Today, the Seybold Report returns in a different form.

There was a time when understanding publishing technology required constant effort.

You subscribed to reports. You attended conferences. You listened carefully as people tried to explain what was happening, often before they fully understood it themselves.

I know, because I was there.

In the 1980s and 1990s, a set of technologies—personal computers, digital typography, and laser printing—came together to transform publishing. At the time, it wasn’t called “digital transformation.” It was simply confusing, fast-moving, and full of possibility.

People like Steve Jobs and John Warnock stood on conference stages and showed what these tools could do.

The rest of us tried to understand what it meant.

In the 1980s and 1990s, Seybold Publications and Seybold Seminars helped the publishing industry understand a technological revolution as it was happening. Through the reports and conferences, together they provided analysis of the tools and ideas that transformed how information is created and distributed.

I was part of that work.

As a technical editor and later Marketing Director, I attended the conferences, worked with the technologies, and helped explain what they meant to the industry.

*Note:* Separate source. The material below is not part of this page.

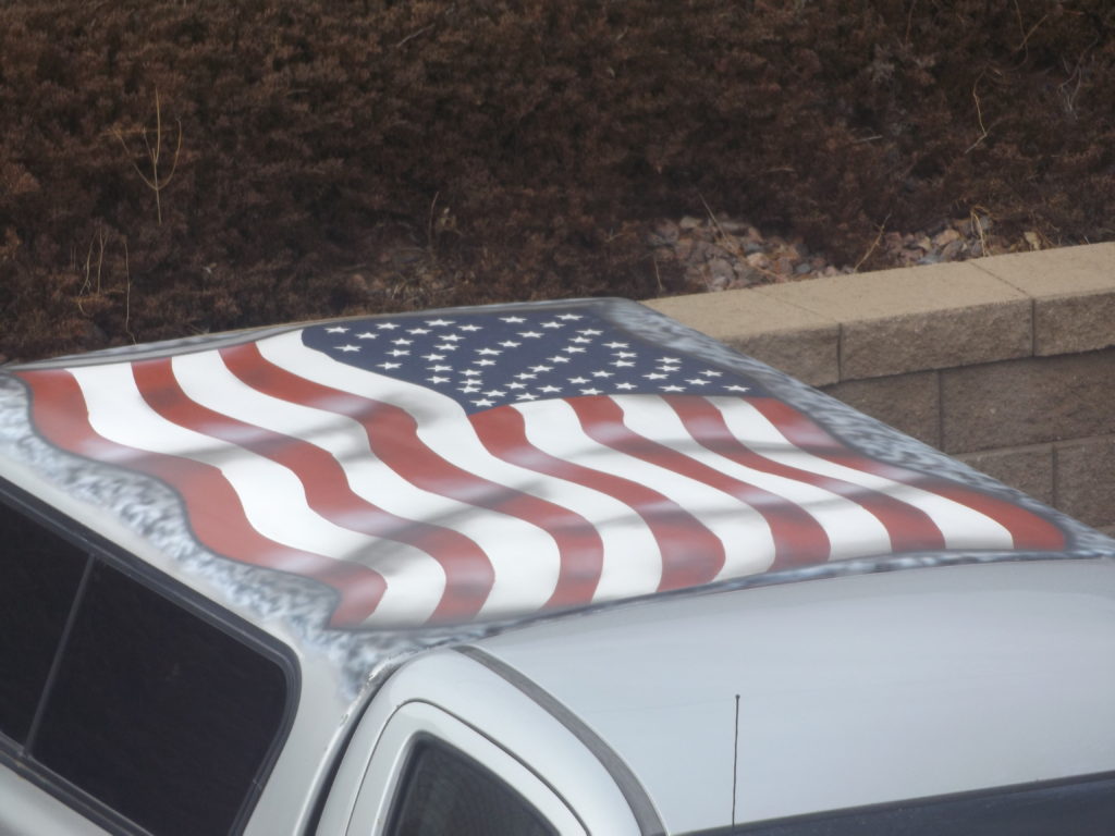 American Flag on the topper on my truck. Painted by a local guy and one of our Pickin on the Porch members. Lonnie Sedillo

Today, the revolution we covered—desktop publishing—has become simply the way the world works. The tools are ubiquitous. The disruption is history.

This publication is not a return to the original newsletter.

Instead, it is a continuation of its perspective.

Here, I will examine publishing and technology through the lens of experience:

  • what we thought would happen,
  • what actually happened,
  • and what still matters now.

I will occasionally draw from the Seybold Publications and Seminars archive, adding context and reflection from inside the moment.

This is not a news service.

It is a place for thoughtful examination—by someone who was there.